这聚散而来的雾气很快地便又散在了空中,阮年挠了挠头,又奇怪地揉揉眼。若不是念安的眼神还是清幽冷淡地望着前路,阮年甚至以为方才自己见到的是自己的错觉。
“要落雨了。”念安的唇角溢出了一抹轻叹,转而又脚步不顿地牵着阮年继续往前,“若是这些死灰遇雨..她也该头疼了罢。”

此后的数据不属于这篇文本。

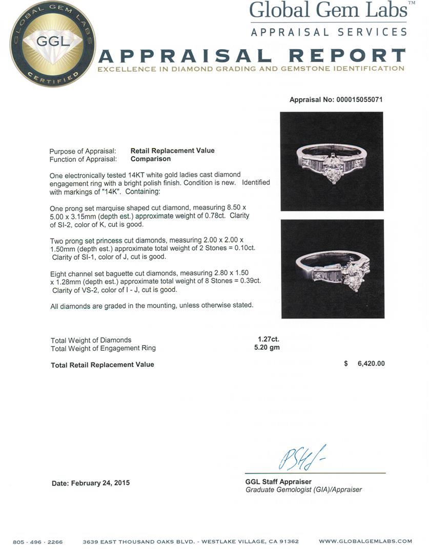 One electronically tested 14KT white gold ladies cast diamond engagement ring with a bright polish finish. Identified with markings of "14K". Condition is new. Containing: One prong set marquise shaped cut diamond, measuring 8.50 x 5.00 x 3.15mm (depth est.) approximate weight of 0.78ct. Clarity: SI-2. Color: K, Cut is Good. Two prong set princess cut diamonds, measuring 2.00 x 2.00 x 1.50mm (depth est.) approximate total weight of 2 Stones = 0.10ct. Clarity: SI-1. Color: J, Cut is Good. Eight channel set baguette cut diamonds, measuring 2.80 x 1.50 x 1.28mm (depth est.) approximate total weight of 8 Stones = 0.39ct. Clarity: VS-2. Color: I - J, Cut is Good. All diamonds are graded in the mounting, unless otherwise stated. Total Weight of Diamonds 1.27ct. Total Weight of Engagement Ring 5.20 grams. GGL Appraised at $6,420.00.

她?阮年大脑有些迷糊,这才想起念安先前所说的要寻之人。
不是巫柒,又会是甚么人。
若是询问,她定也不会说。
小心眼又黑心肝的女人只会让人胡思乱想,猜得肠子都饶了好几个结也不肯将事情讲清楚。若不是时间上没有前生今世这回事,阮念甚至都要怀疑是不是自己上辈子欠了她许多,才让她这辈子如此的欺负于自己。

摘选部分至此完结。